*DIRECTIONS*. Reproduce the entries word for word but drop every picture.
___ RECORDS FOR THIS TASK
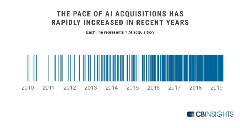 ▲2010-2019年AI收购步伐持续加快(来源:CB Insights)
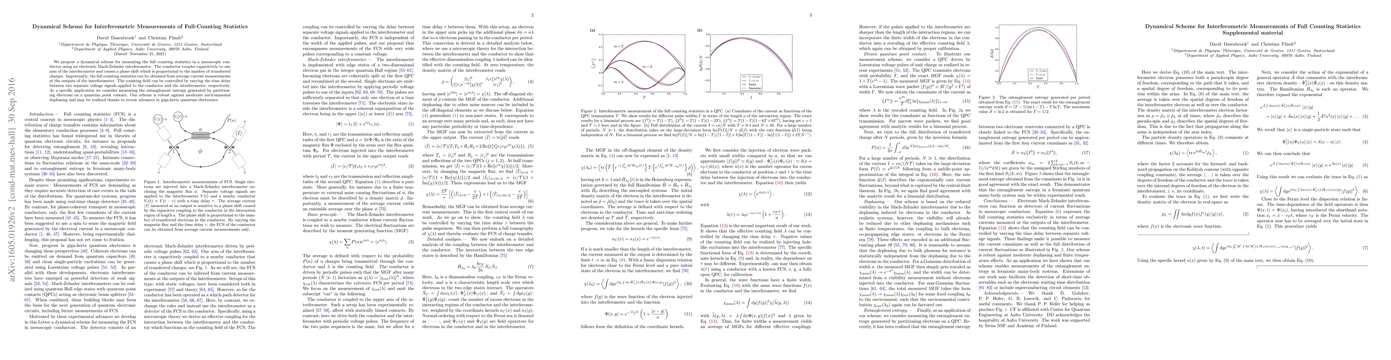 This paper proposes a dynamical scheme for measuring full counting statistics in a mesoscopic conductor via an electronic Mach-Zehnder interferometer. The method allows for the determination of entanglement entropy by controlling the counting field through time delays between voltage signals, demonstrating robustness against moderate dephasing.
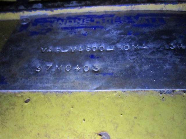 VAR V4600 50MA. SN: 97M0403. 4 point pinup (receiving width for loader arms 35 1/2 inches inside, 47 1/2 inches outside, 80mm pin size). Vertical lock pins 24 inches on center. (receiving width for toolhooks 18 inches to 30 inches).
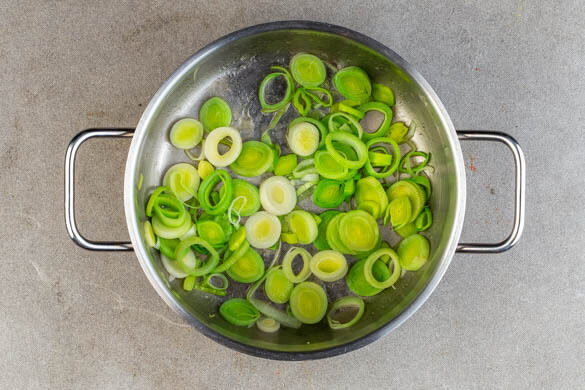 Den Lauch in dünne Ringe schneiden und mit 1EL Butter in einem mittelgroßen Topf bei mittlerer Hitze in ca. 5Min. glasig braten. Das Brühgewürz in 750ml heißem Wasser auflösen. Die Tomaten grob würfeln.
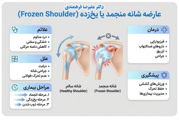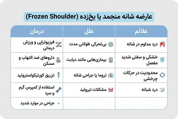 اینفوگرافی عارضه شانه منجمد یا یخ زده
______
*TASK RESULT*.
 ▲2010-2019年AI收购步伐持续加快(来源:CB Insights)
 This paper proposes a dynamical scheme for measuring full counting statistics in a mesoscopic conductor via an electronic Mach-Zehnder interferometer. The method allows for the determination of entanglement entropy by controlling the counting field through time delays between voltage signals, demonstrating robustness against moderate dephasing.
 VAR V4600 50MA. SN: 97M0403. 4 point pinup (receiving width for loader arms 35 1/2 inches inside, 47 1/2 inches outside, 80mm pin size). Vertical lock pins 24 inches on center. (receiving width for toolhooks 18 inches to 30 inches).
 Den Lauch in dünne Ringe schneiden und mit 1EL Butter in einem mittelgroßen Topf bei mittlerer Hitze in ca. 5Min. glasig braten. Das Brühgewürz in 750ml heißem Wasser auflösen. Die Tomaten grob würfeln.
 اینفوگرافی عارضه شانه منجمد یا یخ زده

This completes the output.